Suppose that you throw a ball at an angle to the horizontal, and just after it leaves your hand at a height $y_i$its velocity is$\left(v_{xi},v_{yi},0\right)$. Assuming that we can neglect air resistance, at the top of its trajectory, when it is momentarily traveling horizontally, its velocity is$\left(v_{xi},0,0\right)$. What is the height$y_f$at the top of the trajectory, in terms of the other known quantities? Use the Energy Principle.

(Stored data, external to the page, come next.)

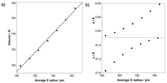 To study the mixed-halide solid solutions Az2PbClxBr4−x, the lattice parameters of each mechanosynthesised composition were determined by Rietveld refinement of PXRD data. The cell volume of these R–P phases varies linearly as a function of the average anion radius, Figure 3a (the average anion radius was calculated using rBr = 196 pm and rCl = 181 pm according to Shannon [22]). This linear variation is expected in accordance with Vegard’s law. The lattice parameters a and c, on the other hand, show a nonlinear relationship with the average anion radius (Figure 3b), which suggests anisotropic expansion/contraction along the a- and c-axis. The larger expansion in a is consistent with the increased X anion radius which affords a larger void for the Az+ cation, resulting in less required expansion in the interlayer spacing. Based on the analysis using Mn2+ as a proxy for Az+ we have no information regarding any orientation or dynamics of the Az+ cation.
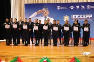 Durante la ceremonia de clausura, el subdirector de Profesionalización Policial, Roberto Miguel Barbosa Muñoz, en representación de la directora general, Maribel Julisa Suárez Bucio, destacó que los egresados cursaron 33 materias de formación, además de prácticas y estrategias conjuntas con distintas instituciones, lo que reforzó sus conocimientos y experiencia en la función policial.
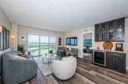 Furnished, light-filled, custom designed, premier corner unit for lease. Some of the details include new electric, new plumbing, luxury vinyl hardwood flooring throughout, custom cabinetry including bar area with beverage cooler, quartz countertops, new 2 1/2 ton AC in 2024, custom designed closets, plantation shutters in bedroom, solar shade in the living room and hurricane shutters on on all 3 sliders on balcony plus so much more! Enjoy water views from you expansive 30 ft balcony that has access from both bedrooms and living room. This condo is located in the prime location of Point Brittany, a 55+ community, which is on the Pinellas Bayway. St Pete Beach is 2 miles away and vibrant downtown St Pete is less than 10 minutes! The amenities are endless as there are 4 heated swimming pools, hot tub, clay tennis courts, shuffle board, a walking path through out the community along the sea wall, clubhouse with an amazing fitness room along with weekly exercise and yoga classes, pool tables, card rooms, boat docks, kayak/paddle board storage and launch, fishing pier and more. So many social events that no one should be without anything to do. To top it off there's The Country Store on the property to save those trips to the grocery store. There is also extra storage and a garage space. NO PETS and NO SMOKING! Don't miss seeing this one! Rent terms are negotiable.
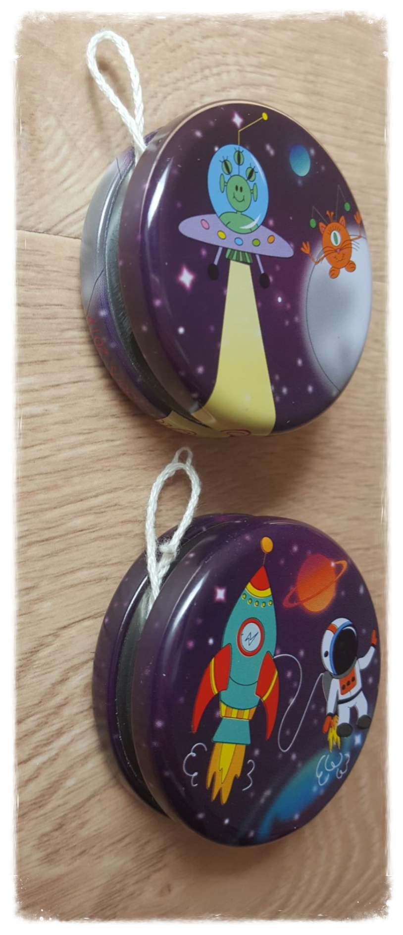 Yoyo métal thème espace de 5,2 cm de diamètre.

There are two instants available.

When the ball is at its highest point, the initial one $y_i$has a speed $V_i=(V_{xi},V_{yi},0)$. The second, when the ball is at its highest point$y_f$ and has a speed$v_f=\left(v_{xi},0,0\right)$

According to the work-energy principle, an increase in the kinetic energy of a rigid body is caused by an equal amount of positive work done on the body by the force acting on it.

There are two instants available. When the ball is at its highest point, the initial one$y_i$and has a speed$V_i=(V_{xi},V_{yi},0)$and the second, when the ball is at its highest point$y_f$and has a speed$V_f=\left\{V_{xi},0,0\right\}$.

The kinetic and potential energies will change in this case, but their sum will remain constant in both instants.

The change in gravitational energy caused by moving the ball is approximately equal to m g y, and we will adopt this approximation because the change in the length is small compared to the earth's radius.

As a result, the principle energy in the form is the same for initial and final states.

To determine the final long, put the expressions of

$$\begin{gathered} K_f+U_f=K_i+U_i\frac{1}{2}m{v}_f^2+mg{y}_f \\ {K}_f+U_f=\frac{1}{2}m{v}_i^2+mg{y}_{i}g{y}_f \\ {K}_f+U_f=\frac{1}{2}\left[v_i^2-v_f^2\right]+g{y}_i{y}_f \\ {K}_f+U_f=\frac{1}{2g}\left[v_i^2-v_f^2\right]+y_i \\ {y}_i=\frac{1}{2g}\left[v_i^2-v_f^2\right]+y_i................\left(1\right) \end{gathered}$$

now let us plug the expressions of $v_{i_{}}$and $v_f$into equation (1) to find the final long $y_f$

$$\begin{gathered} y_f=\frac{1}{2g}\left[v_i^2-v_f^2\right]+y_i \\ {y}_f=\frac{1}{2g}\left[v_{xi}^2+v_{yi}^2-v_x^2\right]+y_i \\ {y}_f=\frac{v_{yi}^2}{2g}+y_i \end{gathered}$$

The change in potential energy is unaffected by movement along the horizontal path, as indicated.

Hence, the height at top of the trajectory$y_f=\frac{v_{yi}^2}{2g}+y_i$.